In 1936, Alfred Sherwood Romer named the type species Ctenospondylus casei. The generic name, from Greek κτείς, kteis, "comb", and σφόνδυλος, sphondylos, "vertebra", referred to the form of the back sail. The specific name honoured Ermine Cowles Case, who first reported the type specimen in 1910. The fossil had been found in Archer County at the Slippery Creek site in the Belle Plains Formation, dating from the Artinskian. The holotype is AMNH 4047, already found in 1881 by William Fletcher Cummins, collecting for Edward Drinker Cope. It consists of a neck vertebra, two back vertebrae, two broken off spines and rib fragments. In 1964, far more complete material from Utah and Arizona was referred to the species by Peter P. Vaughn. This included specimen NTM VP 1001: a partial skeleton with skull; NTM VP 10014: a number of back vertebrae; NTM VP 10015: additional back vertebrae; NTM VP 10016: two skull bones; and NTM VP 10017: a series of three back vertebrae. The specimens are part of the collection of the Navajo Tribal Museum.

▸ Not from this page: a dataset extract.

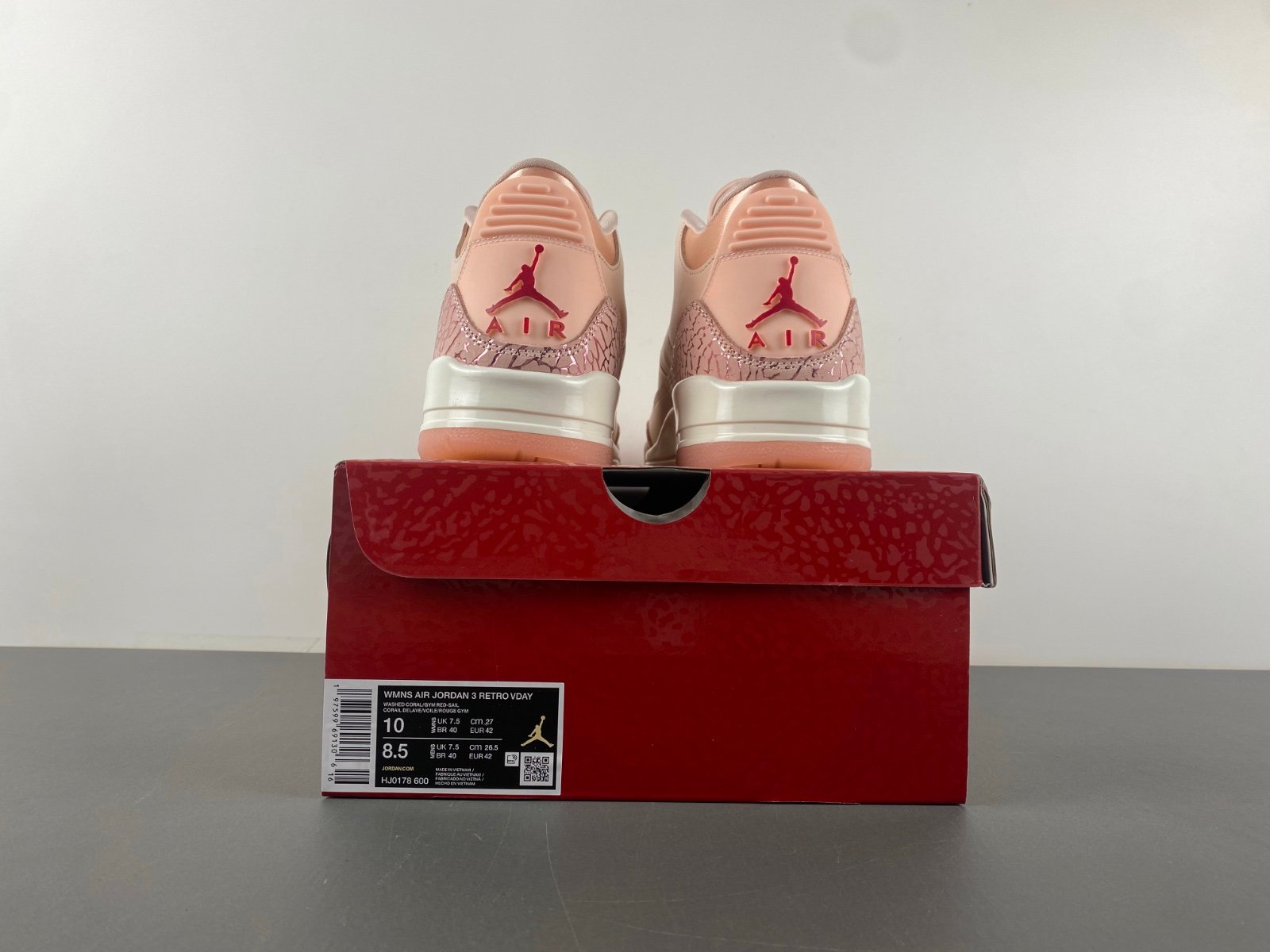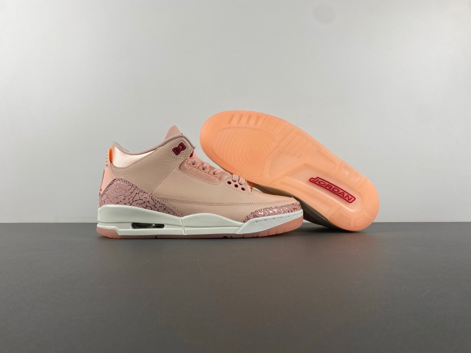 Celebrate love and elevate your sneaker game with the Replica UA Air Jordan 3 “Valentine’s Day” edition. Designed with women in mind, this romantic rendition features a charming blend of Washed Coral, Gym Red, and Sail tones. The upper is crafted from premium pink leather, accented with metallic elephant print overlays on the toe and heel for a refined touch of glam.

In 1978, David Berman named a second species: Ctenospondylus ninevehensis. The specific name refers to the Niniveh Limestone Member of the Greene Formation, dating from the Sakmarian where it was found at Clark Hill in Monroe County, Ohio. The holotype is specimen MCZ 3386, found by Donald Baird in June 1955. It consists of a partial skeleton with fragmentary skull, a spine from the axis, four back vertebrae, four tail vertebrae, neck ribs, dorsal ribs, a shoulder blade, two humeri, and the right pelvis. Specimen MCZ 4458, a right maxilla, was referred to the species. Berman considered C. ninevehensis more basal than Ctenospondylus casei and only referred the second species to the genus because of the similar spine length. Later specimen MCZ 8635-42 was referred, a skull; MCZ 8665, a jugal bone and MCZ 3102, a skeleton with skull.

The spines of Ctenospondylus are longer than those of Sphenacodon but shorter than those of Dimetrodon. They also lack the dumbbell-shaped upper profile of the latter genus and are more transversely flattened. The skull of Ctenospondylus is, as far as can be judged from the limited material found, very similar to that of other sphenacodontids.